# Thread: How to tell system to offset movement in X/Y for a part that's not square (GCODE)

1. ## How to tell system to offset movement in X/Y for a part that's not square (GCODE)

Hard to describe what I want in that subject line. I'm going to be doing a bit of PCB drilling and the biggest pain in the butt for doing it is having to square a hole pattern that is not yet there to the axis movement for X/Y when the sides of the board can't be used as a reference.

What I want to be able to do, and I think is possible is to visit two points that are designed as being a straight line and then from those let the machine figure out the slight angle that the board may be sitting at. Otherwise I have to jump back and forth between the points trying to tap the board into squareness and it's an iterative process that takes forever. I only like setting up on the mill for this just slightly better than drilling them by hand.

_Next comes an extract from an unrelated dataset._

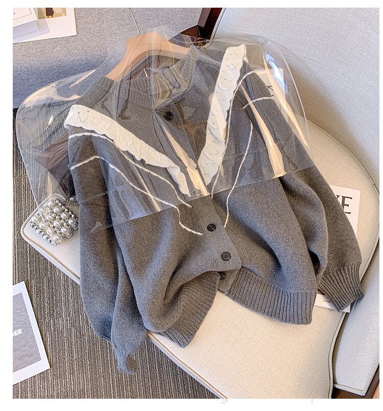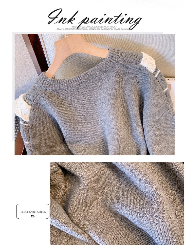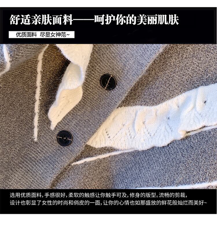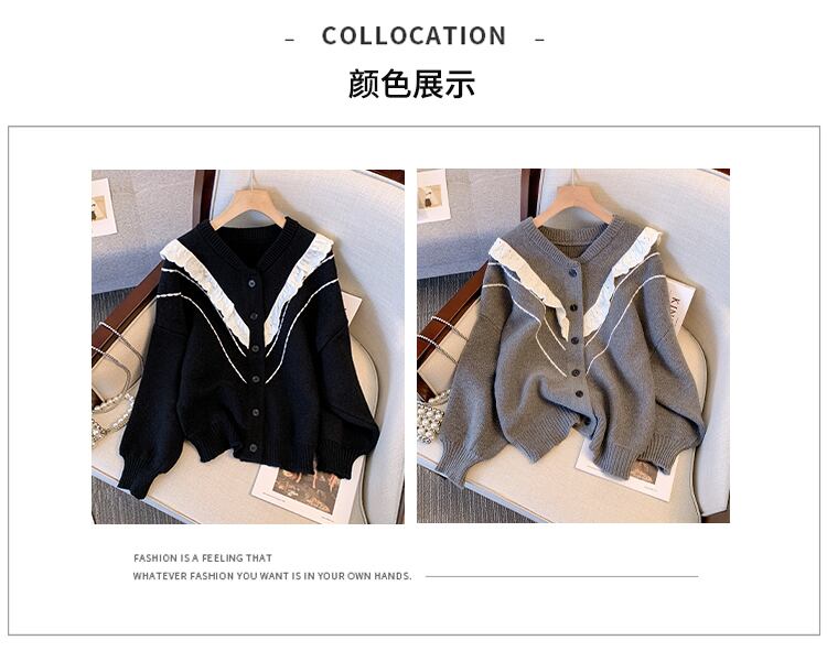 プラスサイズの婦人服 2023 ファットシスター春の新レーススプライシング木製耳エッジニットカーディガンセーターコート女性 大きめサイズ スプリング 春物 8884151666979051

I know there is a way to do that but I'm not sure what it's called so I have not had much luck looking for it.

2. Most controls allow for coordinate system rotation. G68 is a common G-code to execute this. G69 cancels the G68. To find the amount of rotation, you could edge find two points along the Y axis with a known distance between in Y and obtain the X locations for those two points. Once you have the slope of the line, the angle can be known. You would also want two points along the X axis to find the intersection to have a known corner location and point of rotation. That corner becomes your part zero and point of rotation and reference position of the other features.

3. Ahhhh, rotation. I was not looking for that but makes perfect sense. Thanks! The difficulty will be in defining the origin of rotation. with the system I have it will be off the board. I guess I could use the hole in the clamp to get pretty close as that is the real pivot point. I'll need to make sure I over-size part of the hole so tapping it doesn't ruin it as a reference.

Thanks again for the info.

4. what kind of machine is it?
what control?
do you have a probe?
are all the parts a little different from each other?
how many parts are you doing?

If your control has macro capability and you have a probe, this isn't exactly trivial but it's not real hard.

Quick way to check if you controller can process macros:

Type

#1=1;

in MDI or at the top of a program, and if it doesn't alarm when you run it, you're good to go. Oh, nothing will happen and the machine won't move.